Sunday 1 October 2017

Pre-registration or replication: the need for new standards in neurogenetic studies

This morning I did a very mean thing. I saw an author announce to the world on Twitter that they had just published this paper, and I tweeted a critical comment. This does not make me happy, as I know just how proud and pleased one feels when a research project at last makes it into print, and to immediately pounce on it seems unkind. Furthermore, the flaws in the paper are not all that unusual: they characterise a large swathe of literature. And the amount of work that has gone into the paper is clearly humongous, with detailed analysis of white matter structural integrity that probably represents many months of effort. But that, in a sense, is the problem. We just keep on and on doing marvellously complex neuroimaging in contexts where the published studies are likely to contain unreliable results.

Why am I so sure that this is unreliable? Well, yesterday saw the publication of a review that I had led on, which was highly relevant to the topic of the paper – genetic variants affecting brain and behaviour. In our review we closely scrutinised 30 papers on this topic that had been published in top neuroscience journals. The field of genetics was badly burnt a couple of decades ago when it was discovered that study after study reported results that failed to replicate. These days, it's not possible to publish a genetic association in a genetics journal unless you show that the finding holds up in a replication sample. However, neuroscience hasn't caught up and seems largely unaware of why this is a problem.
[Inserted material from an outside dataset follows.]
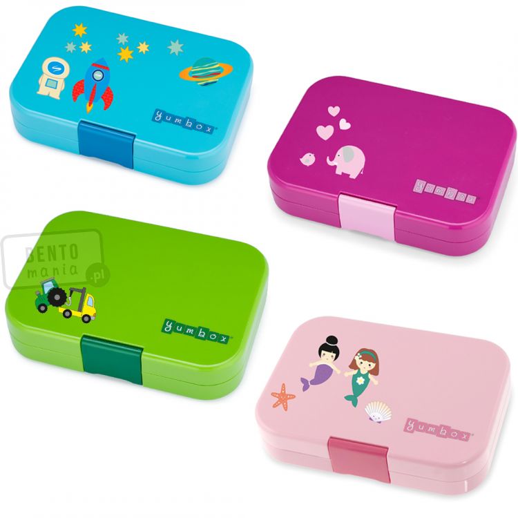 Wodoodporne naklejki ma lunchboxy dla dzieci - Yumbox, Littlelunchbox, Takenaka.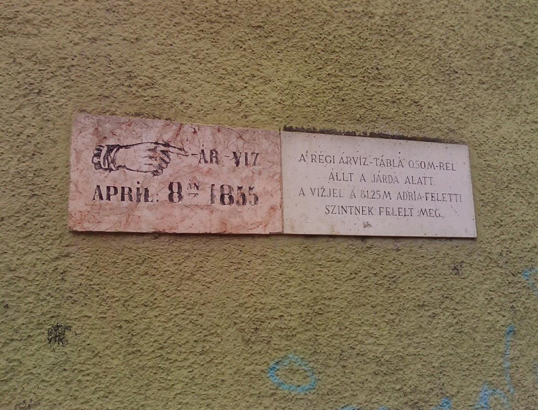 A víz szint jelző táblát feljebb rakták, mert 1879-ig a mai járdaszint alatt volt (a másik tábla ezt magyarázza)

The focus of this latest paper was on a genetic variant known as the COMT Val158Met SNP. People can have one of three versions of this genotype: Val/Val, Val/Met and Met/Met, but it's not uncommon for researchers to just distinguish people with Val/Val from Met carriers (Val/Met and Met/Met). This COMT polymorphism is one of the most-studied genetic variants in relation to human cognition, with claims of associations with all kinds of things: intelligence, memory, executive functions, emotion, response to anti-depressants, to name just a few. Few of these, however, have replicated, and there is reason to be dubious about the robustness of findings (Barnett, Scoriels & Munafo, 2008)

In this latest COMT paper – and many, many other papers in neurogenetics – the sample size is simply inadequate.  There were 19 participants (12 males and 7 females) with the COMT Val/Val version of the variant, compared with 63 (27 males and 36 females) who had either Met/Met or Val/Met genotype. The authors reported that significant effects of genotype on corpus callosum structure were found in males only. As we noted in our review, effects of common genetic variants are typically very small. In this context, an effect size (standardized difference between means of two genotypes, Cohen's d) of .2 would be really large. Yet this study has power of .08 to detect such an effect in males – that is if there really is a difference of -0.2 SDs between the two genotypes, and you repeatedly ran studies with this sample size, then you'd fail to see the effect in 92% of studies. To look at it another way, the true effect size would need to be enormous (around 1 SD difference between groups) to have an 80% chance of being detectable, given the sample size.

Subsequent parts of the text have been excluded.